Hi Lindsey,Is it is a coincidence that our past has been very similar ?. Only child,church 3 times on Sunday , played the piano accordion and trumpet in the church band and piano lessons on Tuesday and Saturday. But there was still a question at the back of my mind,why did I like wearing women's shoes. I had an interest in women's shoes in the early 70's when Dr Scholls sandals came onto the market. They were orthopaedic wood sandals and very comfortable to wear. I tried on my first pair of sandals and liked the feel of them and the noise they made. Why should women have comfortable footwear and not men.? The answer I came up with was WHY NOT wear them.

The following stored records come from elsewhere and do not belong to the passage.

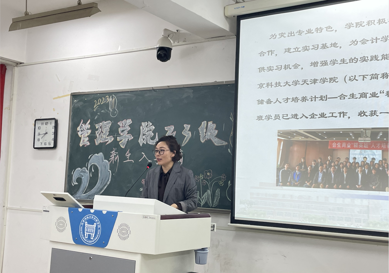 管理學院副院長王曉欣老師向大家介紹了管理學院的17位專職教師,向2023級同學們詳細介紹了各位老師所帶的專業(yè)課程以及實驗建設情況。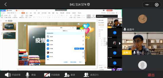 主题班会中,师生通过QQ、腾讯会议、微信等平台交流分享“全国大学生同上一堂疫情防控思政大课”的观后感。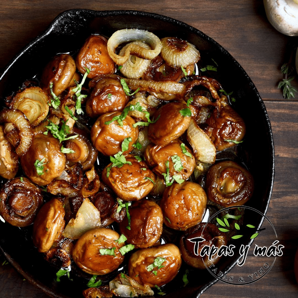 - Champiñones al jerez – geschmorte Champignons mit Zwiebeln, abgelöscht mit Sherry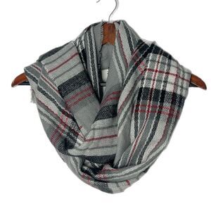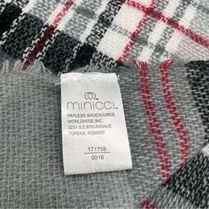 Minicci Plaid Fringe Wrap Scarf Gray Black Red. Excellent pre-owned condition!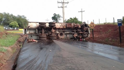 Caminhão carregado com álcool tomba e carga se espalha por estrada em Águas de Santa Bárbara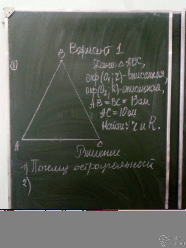 1) В равнобедренном треугольнике центр описанной окружности лежит на высоте, опущенной на основание так как высота и биссектриса вершины равнобедренного треугольника совпадают.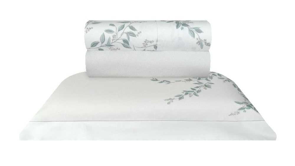 Lençol Superior: Liso, com dobra feita. O corpo e a vira possuem estampa de folhas em tons de prata e nuances de verde.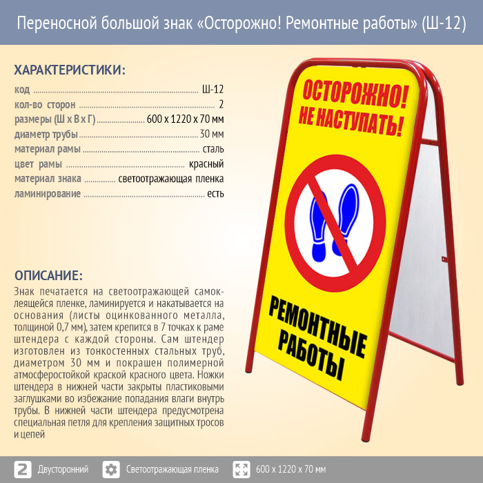 Переносной большой знак «Осторожно! Ремонтные работы» (Ш-12, двусторонний, светоотражающая пленка) в Альметьевске купить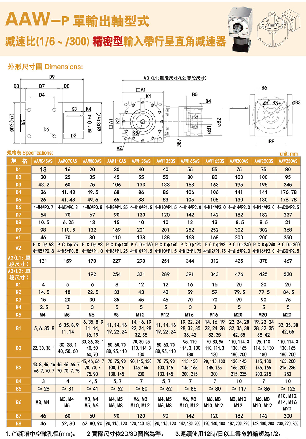 AAW-P单输出轴型式 精密型输入带直角行星减速器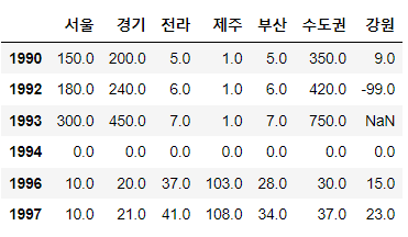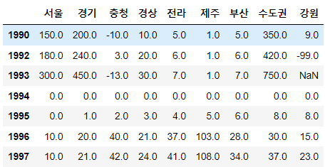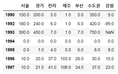'강원':[9.0, -99.0, np.NAN, 0.0, 8.0, 15.0, 23.0],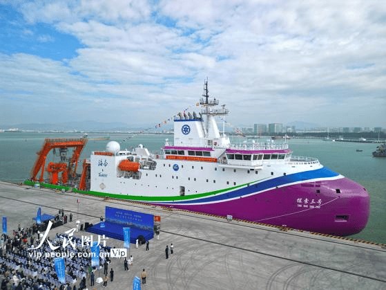 “探索三号”是一条可保障深远海科学考察、载人深潜、工程作业、水下考古、快速响应等多用途的 新型破冰船。(时政来源:新华网)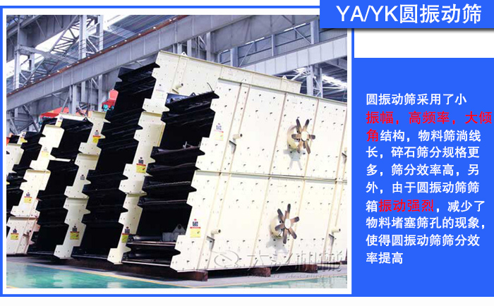 圓振動(dòng)篩采用了小振幅,高頻率,大傾角結(jié)構(gòu),物料篩淌線長,碎石篩分規(guī)格更多,篩分效率高,另外,由于圓振動(dòng)篩篩箱振動(dòng)強(qiáng)烈,減少了物料堵塞篩孔的現(xiàn)象,使得圓振動(dòng)篩篩分效率提高。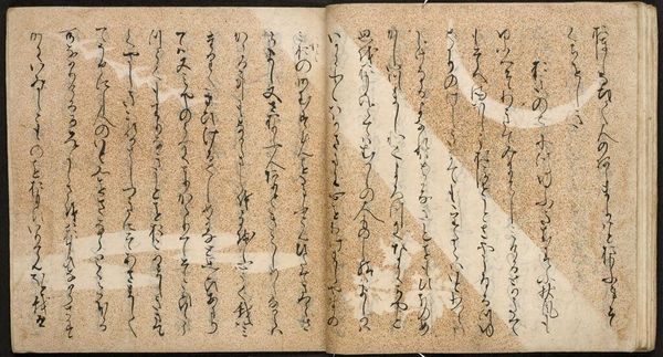 Curator: Here we have an open book, showcasing calligraphy titled "Suma, Chapter 12 of the Tale of Genji (Genji monogatari)," in the style of Monk Jien. Editor: Whoa, that script is intense! Like black ink vines crawling across a parchment landscape. I can almost feel the writer's hand, the controlled frenzy. Curator: Indeed, the Tale of Genji is a cornerstone of Japanese literature, and Jien was a poet and Buddhist monk during the late Heian and early Kamakura periods, a time of significant social and political transition. This work is now held at the Harvard Art Museums. Editor: Transition, huh? Makes sense. There's a tension in that flow, a sense of stories wanting to burst out, to spill secrets. You can feel the weight of history, but it’s all happening right now in these brushstrokes. It's quite stunning, really. Curator: It's a fascinating intersection of text, image, and historical context, a window into a world that continues to resonate today. Editor: Exactly. It makes me want to pick up a brush and try to capture my own chaotic story—though I doubt it would look as elegant.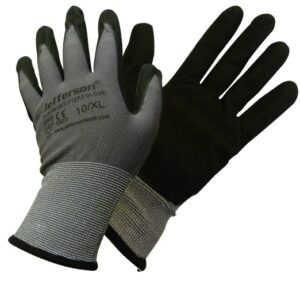 Black Platinum Fitters Gloves with ultra-thin nitrile foam for a secure grip and high abrasive resistance. Certified CAT II EN388 for durable protection.

As for the platforms, I am short in height.I have been very fortunate in having a very surpportive female close friend for encouragement. Thank you so much for your story so far and being an inspiration to many people around the world.

Tracy: Thank you for the feedback. I know there are quite a few of us out here who don't fit the mold. And even more men who don't consider themselves traditional though they may not express in the ways that we do. I'm enjoying speaking my piece, and I'm glad you're out there to read it!

Philip: I do sometimes wonder if there's a pattern emerging here! It's a delight to have other men step forward and talk about their experiences. It has crossed my mind that clogs and platform shoes might have some symbolism to us. Something such as providing a sturdy foundation on which to live our lives. But it's still something I'm pondering.

Hope to get back to you soon about your other e-mails. We're still getting settled here after the move and then the holidays. More to come!

Wow, I'm very intrigued. Philip, Lindsey, there are some definite common threads here in addition to the footwear. I was an only child, there was all the church involvement, the years of music lessons and the continued sideline music career to this day. I grew up under the watchful eye of a very protective, loving, and well meaning mother but eventually I absolutely had to assert the adventurous side of myself even though that didn't manifest itself until I was about 24 years old. It started with becoming a pilot, then on to becoming a flight instructor which is something I absolutely love doing to this day. But then there was the athlete side of me that had to break free. For a person who never played a team sport all through my childhood and teenage years, I totally broke my own mold when I took on rodeo riding, risking my life on the back of bucking broncs, but finding a fulfillment that was beyond description. That in turn led to becoming a reasonably decent gymmnast even though I was over 30 years old and ultimately taking the love of horses, speed, acrobatics, and the thrill of performing for an audience when I fulfilled a long time dream of becoming a trick rider after being well into my 40's. Ironically it was an unfulfilled dream of my father to do become a trick rider as a young man so I felt a deeper connection to him when taking this on a number of years after his passing. These things weren't without challenge either. Gymnastics tore all the ligaments in my knee in a dismount accident with multiple surgeries afterward. I've broken ribs, dislocated fingers, and smashed my shoulder into the ground. All this in addition to a major reconstruction of my chest and ribs to correct a "major factory defect". Nonetheless, I've never stopped. But indeed I find a congruence with your comment Lindsey that these platform shoes and clogs are indeed a sturdy foundation that we rest upon not only out of simple enjoyment but perhaps symbolically as well. But maybe more than anything, it represents freedom in it's purest sense. The unwillingness to be constrained by conformity, to be who we really are.

Tracy: Bravo! Thank you for this!

Great chapter. I too can relate to the ultra-conservative Bible belt upbringing while being a creative thinker. I think most of us need to ask ourselves "why not?" a bit more often!

And those leggings with the red Litas are gooorgeous!

Laressa: Thank you! More people do need to ask themselves that question. And then follow their bliss.